By saying that I found both Devereaux and Smith to be reasonable, I’m not claiming they have no disagreements. I think their main differences come because they’re focusing on two different things. Smith’s post is ultimately about public communication and the things that academic say in the public discourse (things like newspaper op-eds and twitter posts) with relevance to current political disputes. And, for that, we need to consider the steps, implicit or explicit, that commentators take to go from their expertise to the policy claims they make. Devereaux is mostly writing about academic historians in their professional roles. With rare exceptions, academic history is about getting the details right, and even popular books of history typically focus on what happened, and our uncertainty about what happened, not on larger theories.

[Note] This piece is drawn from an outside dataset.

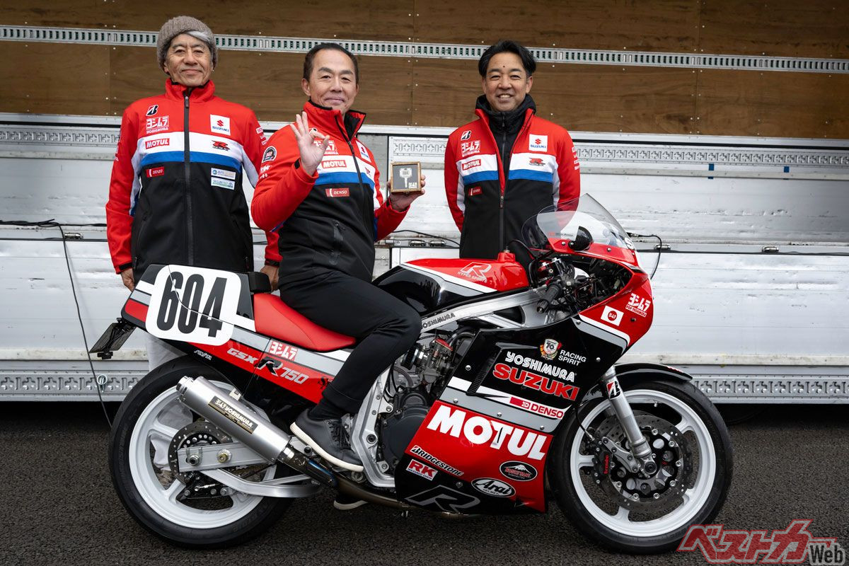 2025年の東京モーターサイクルショーで展示され、大注目を集めたヨシムラGSX-R750 #604コンプリートマシン。10月にはこの車両がオークションで販売され、1241万円という驚きの価格で落札された。ヨシムラファン、いや、すべてのバイクファン垂涎のこのマシンを手に入れたのはどんな人なのだろうか。1月11日に行われた納車セレモニーで落札者にインタビューを敢行。ヨシムラへの熱い想いをうかがった。

I guess I do disagree with this statement from Smith:

The theories [from academic history] are given even more credence than macroeconomics even though they’re even less empirically testable. I spent years getting mad at macroeconomics for spinning theories that were politically influential and basically un-testable, then I discovered that theories about history are even more politically influential and even less testable.

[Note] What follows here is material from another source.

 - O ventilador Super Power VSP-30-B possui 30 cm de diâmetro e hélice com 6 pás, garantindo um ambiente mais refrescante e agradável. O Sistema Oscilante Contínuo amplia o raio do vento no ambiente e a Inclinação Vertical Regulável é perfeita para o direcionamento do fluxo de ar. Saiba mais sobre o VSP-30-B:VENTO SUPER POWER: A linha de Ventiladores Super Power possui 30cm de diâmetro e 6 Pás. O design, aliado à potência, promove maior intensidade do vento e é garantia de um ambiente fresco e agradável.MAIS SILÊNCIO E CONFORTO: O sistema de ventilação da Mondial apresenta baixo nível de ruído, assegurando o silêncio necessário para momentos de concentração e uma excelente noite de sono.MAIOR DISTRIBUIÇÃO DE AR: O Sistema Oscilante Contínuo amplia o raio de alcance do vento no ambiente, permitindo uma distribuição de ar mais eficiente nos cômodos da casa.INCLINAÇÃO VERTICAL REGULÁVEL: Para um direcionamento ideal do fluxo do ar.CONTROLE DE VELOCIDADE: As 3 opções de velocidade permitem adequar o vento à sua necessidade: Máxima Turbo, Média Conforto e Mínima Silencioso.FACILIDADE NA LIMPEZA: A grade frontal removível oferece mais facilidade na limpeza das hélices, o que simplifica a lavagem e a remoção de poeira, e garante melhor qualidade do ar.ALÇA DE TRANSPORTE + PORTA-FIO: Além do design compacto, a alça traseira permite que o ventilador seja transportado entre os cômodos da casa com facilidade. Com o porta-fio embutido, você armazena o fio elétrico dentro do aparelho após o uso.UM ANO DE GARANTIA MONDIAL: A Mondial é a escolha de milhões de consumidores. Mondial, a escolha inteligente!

Regarding the “less testable” part, I guess it depends on the theories—but, sure, many theories about what have happened in the past can be essentially impossible to test, if conditions have changed enough. That’s unavoidable. As Devereaux replies, this is not a problem with the study of history; it’s just the way things are.

But I can’t see how Smith could claim with a straight face that theories from academic history are “given more credence” and are “more politically influential” than macroeconomics. The president has a council of economic advisers, there are economists at all levels of the government, or if you want to talk about the news media there are economists such as Krugman, Summers, Stiglitz, etc. . . . sure, they don’t always get what they want when it comes to policy, but they’re quoted endlessly and given lots of credence. This is also the case in narrower areas, for example James Heckman on education policy or Angus Deaton on deaths of despair: these economists get tons of credence in the news media. There are no academic historians with that sort of influence. This has come up before: I’d say that economics now is comparable to Freudian psychology in the 1950s in its influence on our culture:

My best analogy to economics exceptionalism is Freudianism in the 1950s: Back then, Freudian psychiatrists were on the top of the world. Not only were they well paid, well respected, and secure in their theoretical foundations, they were also at the center of many important conversations. Even those people who disagreed with them felt the need to explain why the Freudians were wrong. Freudian ideas were essential, leaders in that field were national authorities, and students of Freudian theory and methods could feel that they were initiates in a grand tradition, a priesthood if you will. Freudians felt that, unlike just about everybody else, they treated human beings scientifically and dispassionately. What’s more, Freudians prided themselves on their boldness, their willingness to go beyond taboos to get to the essential truths of human nature. Sound familiar?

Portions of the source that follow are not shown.